Here's how to fix them.
One page per service. No cramming.
If you're a plumber, don't have one page called "Services" listing everything from boiler repairs to bathroom fitting. Each service gets its own page.
Google ranks specific pages for specific searches. Someone searching "emergency boiler repair Clitheroe" is far more likely to find a page titled Boiler Repairs in Clitheroe than a generic services page that mentions boilers in paragraph four.
This isn't complicated SEO (search engine optimisation — the stuff that helps you show up on Google). It's just giving people what they searched for, on a page built for exactly that thing.
Start with the problem, not your credentials
Most service pages open with "We are a family-run business with 25 years of experience…"
Nobody cares yet. They haven't decided if they have the problem you solve.
Open with the problem. "Your boiler's making a banging noise and the pressure gauge keeps dropping." Now they're reading. Now they know you understand what they're dealing with. Now you can tell them how you fix it.
We learned this running a cleaning business for 11 years. The pages that worked best started with "Coffee stain on the carpet from this morning?" not "We provide professional carpet cleaning services." One sounds like a human being. The other sounds like every other website on page two of Google.
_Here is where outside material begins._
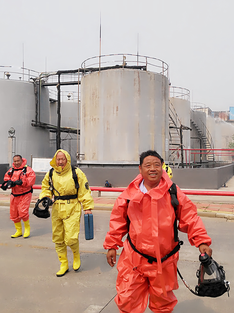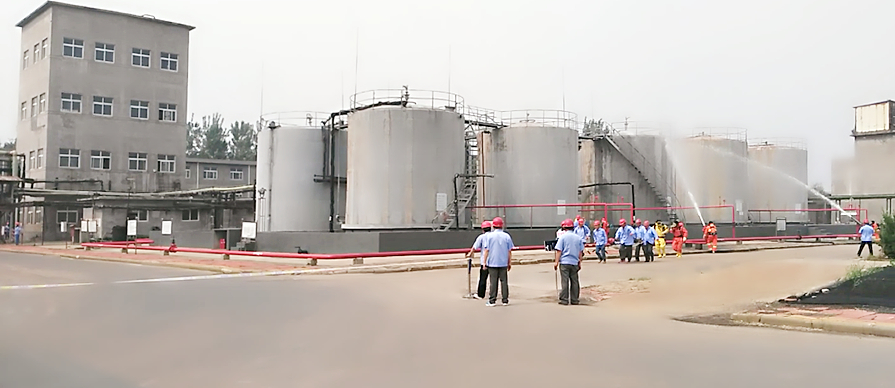 硝基苯車(chē)間巡檢員在例行巡檢時(shí)發(fā)現(xiàn)儲(chǔ)罐區(qū)苯三號(hào)罐閥門(mén)泄露,用對(duì)講機(jī)立即報(bào)告車(chē)間安全值班員。車(chē)間班組維修人員當(dāng)即到現(xiàn)場(chǎng)搶修,由于閥門(mén)泄露情勢(shì)比較嚴(yán)重,黃色的苯霧蔓延,隨時(shí)會(huì)發(fā)生著火危險(xiǎn)。帶隊(duì)班長(zhǎng)立即請(qǐng)示車(chē)間搶險(xiǎn)防爆隊(duì)支援搶修,在防爆搶修過(guò)程中,事態(tài)嚴(yán)重,一人暈倒。車(chē)間搶險(xiǎn)隊(duì)長(zhǎng)立即上報(bào)虹橋公司值班調(diào)度。值班調(diào)度迅泄漏應(yīng)急救援預(yù)案,各應(yīng)急救援小組人員迅速奔赴現(xiàn)場(chǎng)。虹橋公司搶險(xiǎn)防暴隊(duì)人員立即開(kāi)啟四個(gè)應(yīng)急消防水泵,伴隨著警報(bào)聲,白色的水龍從四個(gè)方向“箭”似噴射向苯儲(chǔ)罐和泄露罐閥門(mén)著火點(diǎn),苯霧迅即被稀釋?zhuān)瑩屝奕藛T成功對(duì)泄漏閥門(mén)進(jìn)行了堵漏;同時(shí)保衛(wèi)警戒組拉起了隔離帶,勸導(dǎo)、疏散閑雜人員;醫(yī)療救護(hù)組抬出受傷人員至安全區(qū)迅速進(jìn)行初期救護(hù)……整個(gè)救援搶險(xiǎn)緊張有序地進(jìn)行演練完成。

Put the phone number and the CTA where people actually see them
The most common mistake on service pages: a single "Contact Us" button at the very bottom, after six paragraphs of text. Most people never scroll that far.
Every service page should have:
- A phone number visible without scrolling — top of the page, ideally in a different colour so it jumps out
- A clear call-to-action after the problem description — "Call us now for same-day boiler repair"
- Another CTA after any pricing or process section
- And one at the bottom for the thorough readers who want all the detail first
Yes, that's three or four CTAs on one page. It's not pushy. People skim — you're just making sure they can act in the exact moment they decide, wherever that happens to be on the page.
A CTA, by the way, is just marketing shorthand for "call-to-action" — the bit of text or button that tells someone what to do next. "Call us," "Get a quote," "Book online" — that's a CTA.
Show prices. Or at least a range.
"Contact us for a quote" is the most overused phrase on UK trade websites. Everyone says it. Nobody likes reading it — it means "you'll have to ring us and talk to someone before you find out if you can afford this."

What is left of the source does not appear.